## [The input]
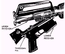 Figure 3-10.-Breaking upper receiver away from lower receiver. forefinger of the right hand, depress the charging handle, latch it with the right thumb, and pull to the rear (fig. 3-7). When the bolt is fully rearward, press the bottom of the bolt catch with the thumb or forefinger of the left hand (fig. 3-8). Allow the bolt to move slowly forward until it engages the bolt catch, and return the charging handle to its forward position. 4. Inspect the receiver and chamber of the weapon, by looking through the ejection port, to ensure these spaces contain no ammunition. 5. Check the selector lever to ensure it points toward SAFE; then allow the bolt to go forward by depressing the upper portion of the bolt catch. CAUTION The selector must be on SAFE to prevent damage to the automatic sear during assembly and disassembly. |
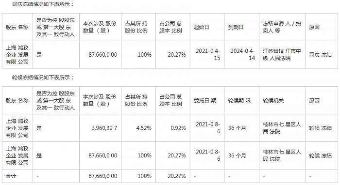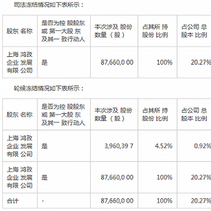 据此,上海鸿孜所持公司股份将被执行司法拍卖、变卖的数量为8766万股,占其所持有公司股份的100%,占公司总股本的20.27%。如届时前述股份全部被司法处置,将会导致公司控股股东、实际控制人发生变更,进而可能对公司生产经营、公司治理产生影响。
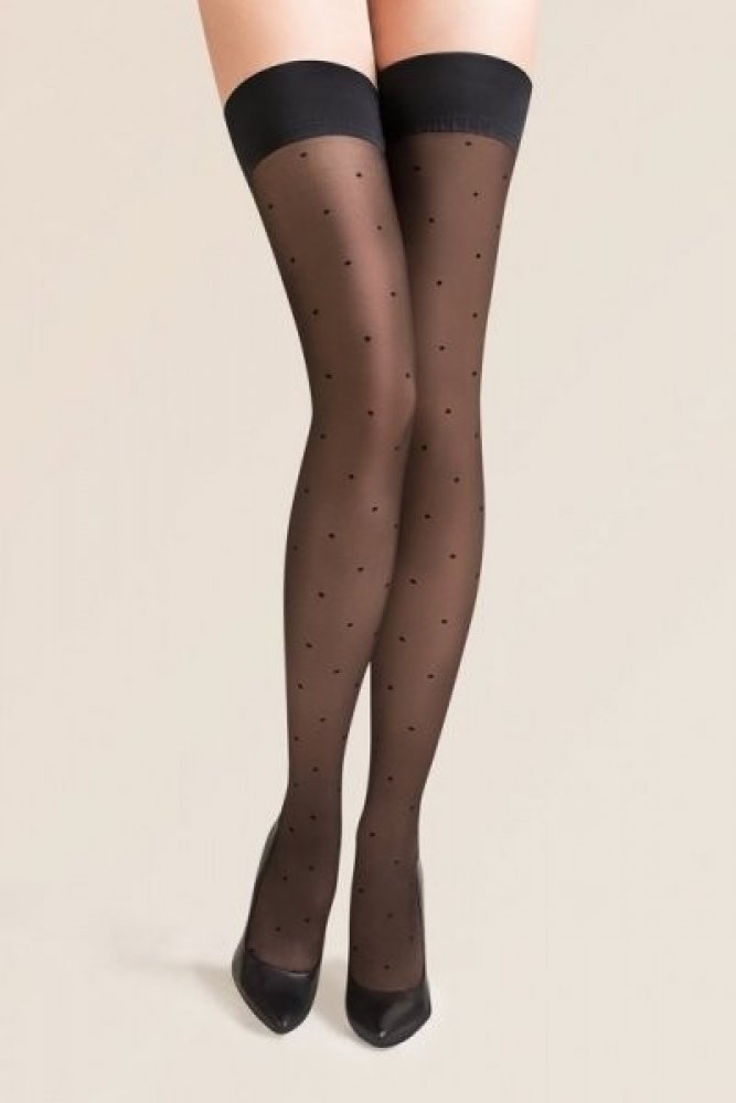 Jemné dámské samodržící punčochy s jemností 20 DEN. Punčochy jsou ozdobené puntíkovaným vzorem. V horní části modelu je hladký materiál, který je na vnitřní straně podšitý širokým silikonovým páskem. Zesílené špičky nejsou viditelné.Složení: 85 % polyamid, 15 % elastan....
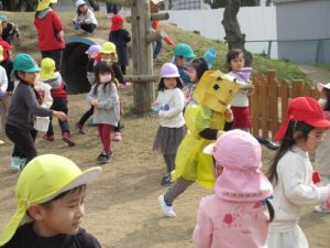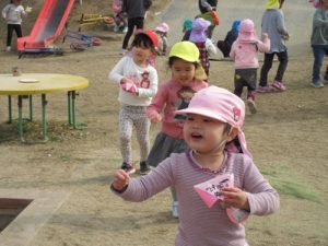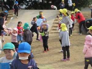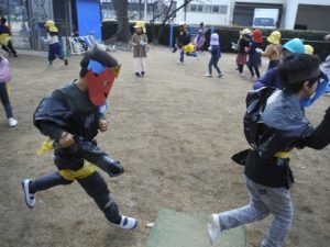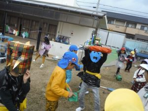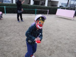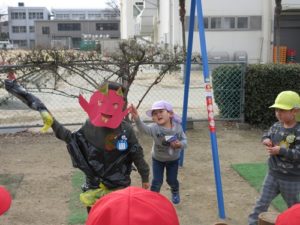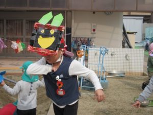 さあ、年長さんの放送の合図で豆まきのスタートです。鬼さんが一斉に園庭に走り込みます。みんな、歓声を上げながら豆をまきます。
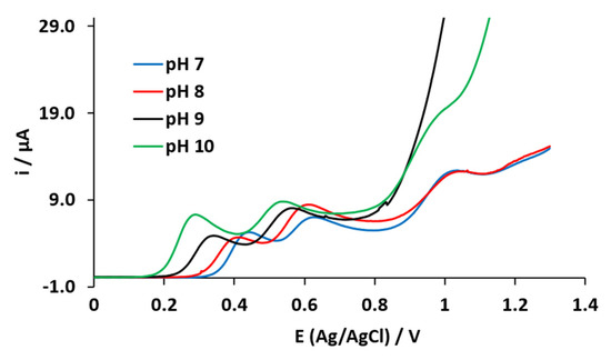 CVs obtained for the NSAIDs mixture at different pHs (range of 7–10) in a 0.1 mol·L−1 BR buffer, using a potential window of 0 to 1.3 V and a scan rate of 100 mV·s−1, and a concentration of 4 × 10−4 mol·L−1 for the NSAIDs.
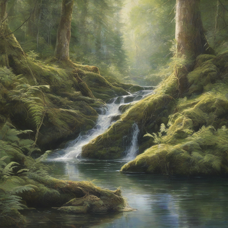 Forest Stream with Waterfall "A crystal-clear forest stream cascades over rocks, forming a small waterfall. Ferns and moss grow along the banks, and sunlight sparkles on the water’s surface. A woodpecker can be seen on a nearby tree. A highly detailed, tranquil nature scene.»
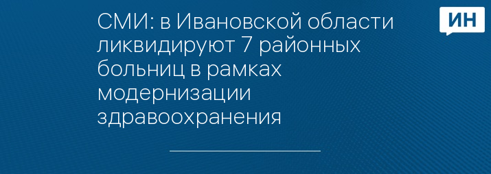 Облправительство утвердило программу модернизации первичного звена здравоохранения Ивановской области на 2021–2025 годы. Согласно этому документу, до 2025 года ликвидируют 7 центральных районных больниц по причине малочисленности населения районов.
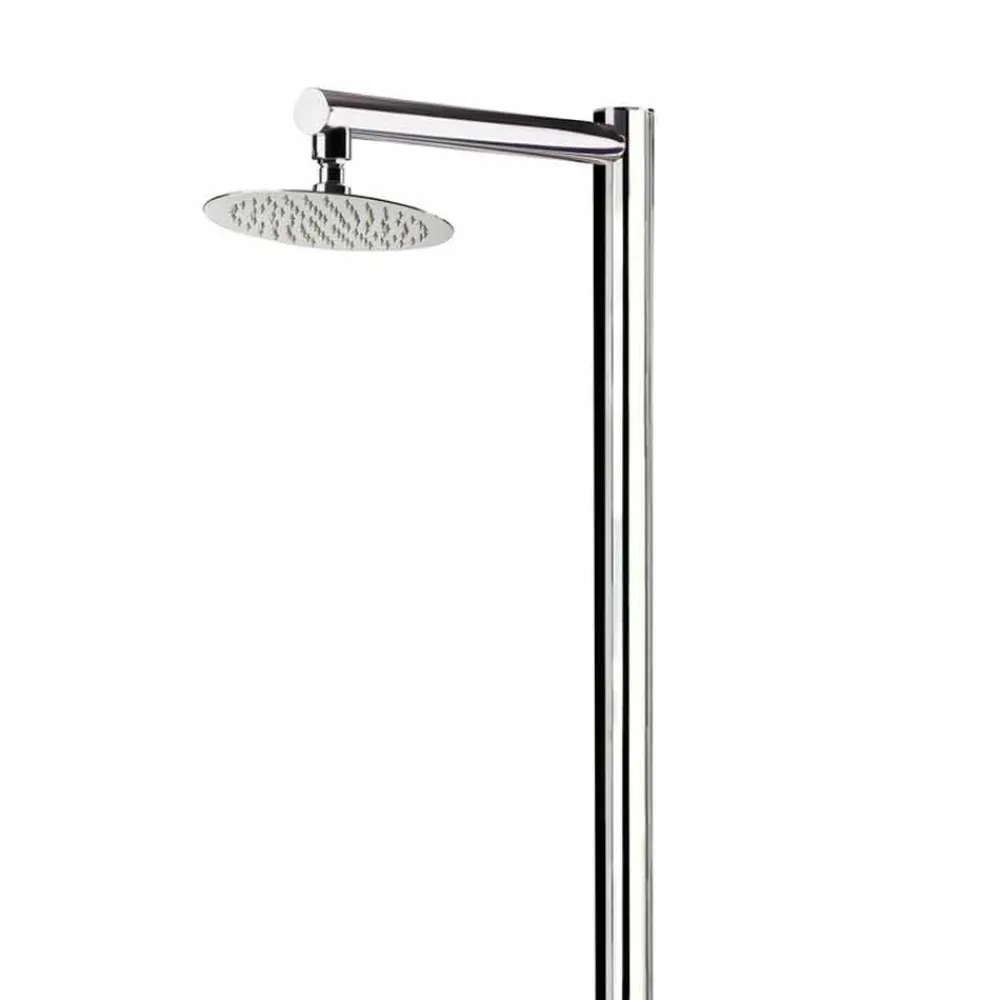 Gartenduschsäule Made in Italy mit Säule aus poliertem Edelstahl AISI 316L (2 mm dick) und Duschkopf aus Edelstahl AISI 304. Schlichtheit und Minimalismus sind die Hauptmerkmale dieses modernen Designobjekts mit praktischem und funktionalem Stil. Seine Struktur macht es zu einem äußerst vielseitigen Produkt, ideal für die unterschiedlichsten Außenbereiche wie Strandresorts und touristische Einrichtungen, aber auch für private Umgebungen wie Schwimmbäder und Gärten, in denen es die umgebende Ästhetik mit einer raffinierten und edlen Note bereichern kann.

## [Work instruction]
Output the lines of the data exactly, starting at the first and ending with the line that has "据此,上海鸿孜所持公司股份将". Pictures are not part of it.

## [Written answer]
 Figure 3-10.-Breaking upper receiver away from lower receiver. forefinger of the right hand, depress the charging handle, latch it with the right thumb, and pull to the rear (fig. 3-7). When the bolt is fully rearward, press the bottom of the bolt catch with the thumb or forefinger of the left hand (fig. 3-8). Allow the bolt to move slowly forward until it engages the bolt catch, and return the charging handle to its forward position. 4. Inspect the receiver and chamber of the weapon, by looking through the ejection port, to ensure these spaces contain no ammunition. 5. Check the selector lever to ensure it points toward SAFE; then allow the bolt to go forward by depressing the upper portion of the bolt catch. CAUTION The selector must be on SAFE to prevent damage to the automatic sear during assembly and disassembly. |
 据此,上海鸿孜所持公司股份将被执行司法拍卖、变卖的数量为8766万股,占其所持有公司股份的100%,占公司总股本的20.27%。如届时前述股份全部被司法处置,将会导致公司控股股东、实际控制人发生变更,进而可能对公司生产经营、公司治理产生影响。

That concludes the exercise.